+++ RECORDS FOR THE TASK

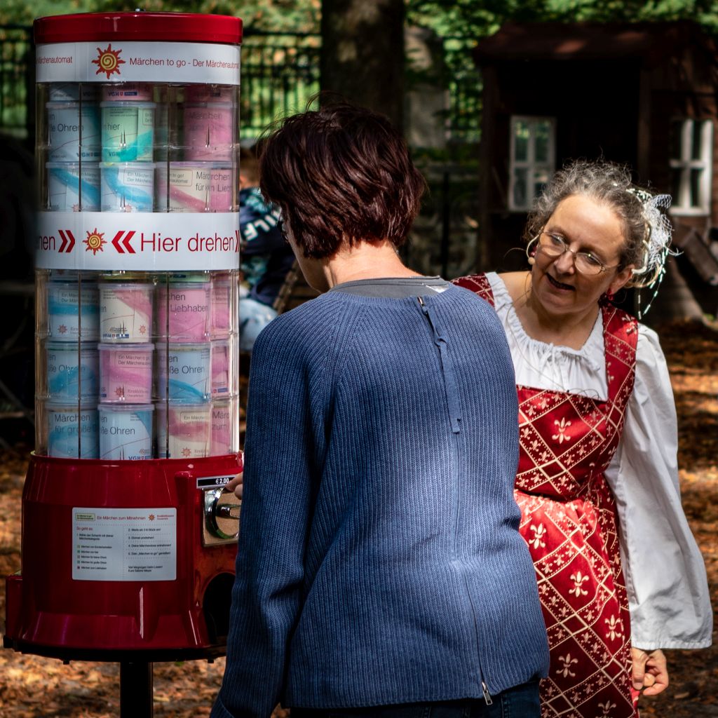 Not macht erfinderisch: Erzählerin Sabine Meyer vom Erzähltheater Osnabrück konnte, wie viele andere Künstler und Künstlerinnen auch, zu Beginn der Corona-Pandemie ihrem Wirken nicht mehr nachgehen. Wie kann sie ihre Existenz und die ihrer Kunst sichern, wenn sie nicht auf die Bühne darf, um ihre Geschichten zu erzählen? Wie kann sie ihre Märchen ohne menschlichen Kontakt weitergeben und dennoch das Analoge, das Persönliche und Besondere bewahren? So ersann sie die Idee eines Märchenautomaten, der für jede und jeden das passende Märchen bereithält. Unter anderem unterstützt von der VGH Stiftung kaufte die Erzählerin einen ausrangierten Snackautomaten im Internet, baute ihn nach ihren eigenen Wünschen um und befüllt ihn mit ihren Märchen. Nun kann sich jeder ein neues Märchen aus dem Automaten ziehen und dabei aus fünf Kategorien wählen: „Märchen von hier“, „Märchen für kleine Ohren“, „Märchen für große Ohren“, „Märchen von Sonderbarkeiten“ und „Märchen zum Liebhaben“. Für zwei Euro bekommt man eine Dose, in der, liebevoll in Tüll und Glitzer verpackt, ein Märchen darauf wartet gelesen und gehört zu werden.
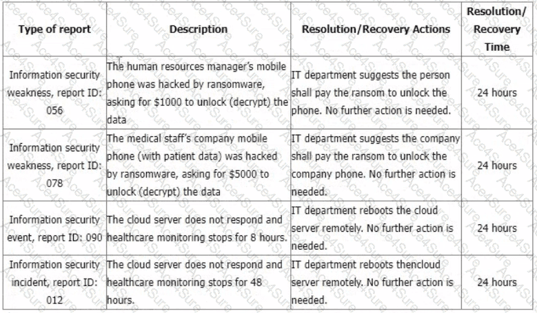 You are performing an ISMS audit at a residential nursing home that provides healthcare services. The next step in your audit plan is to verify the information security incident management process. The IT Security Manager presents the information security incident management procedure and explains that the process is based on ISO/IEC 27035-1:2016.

++++++
+++ RECORDS FOR THE TASK

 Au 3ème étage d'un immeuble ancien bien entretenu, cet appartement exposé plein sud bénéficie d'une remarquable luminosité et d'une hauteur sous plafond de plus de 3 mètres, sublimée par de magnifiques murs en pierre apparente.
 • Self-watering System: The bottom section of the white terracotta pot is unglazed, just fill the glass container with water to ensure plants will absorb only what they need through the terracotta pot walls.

++++++

ASSIGNMENT> Going by the data above, give back only the lines from the one containing "Not macht erfinderisch: Erzählerin" through the one containing "You are performing", exactly as they stand, both ends included and no images.

OUTPUT FOR THIS EXERCISE>
 Not macht erfinderisch: Erzählerin Sabine Meyer vom Erzähltheater Osnabrück konnte, wie viele andere Künstler und Künstlerinnen auch, zu Beginn der Corona-Pandemie ihrem Wirken nicht mehr nachgehen. Wie kann sie ihre Existenz und die ihrer Kunst sichern, wenn sie nicht auf die Bühne darf, um ihre Geschichten zu erzählen? Wie kann sie ihre Märchen ohne menschlichen Kontakt weitergeben und dennoch das Analoge, das Persönliche und Besondere bewahren? So ersann sie die Idee eines Märchenautomaten, der für jede und jeden das passende Märchen bereithält. Unter anderem unterstützt von der VGH Stiftung kaufte die Erzählerin einen ausrangierten Snackautomaten im Internet, baute ihn nach ihren eigenen Wünschen um und befüllt ihn mit ihren Märchen. Nun kann sich jeder ein neues Märchen aus dem Automaten ziehen und dabei aus fünf Kategorien wählen: „Märchen von hier“, „Märchen für kleine Ohren“, „Märchen für große Ohren“, „Märchen von Sonderbarkeiten“ und „Märchen zum Liebhaben“. Für zwei Euro bekommt man eine Dose, in der, liebevoll in Tüll und Glitzer verpackt, ein Märchen darauf wartet gelesen und gehört zu werden.
 You are performing an ISMS audit at a residential nursing home that provides healthcare services. The next step in your audit plan is to verify the information security incident management process. The IT Security Manager presents the information security incident management procedure and explains that the process is based on ISO/IEC 27035-1:2016.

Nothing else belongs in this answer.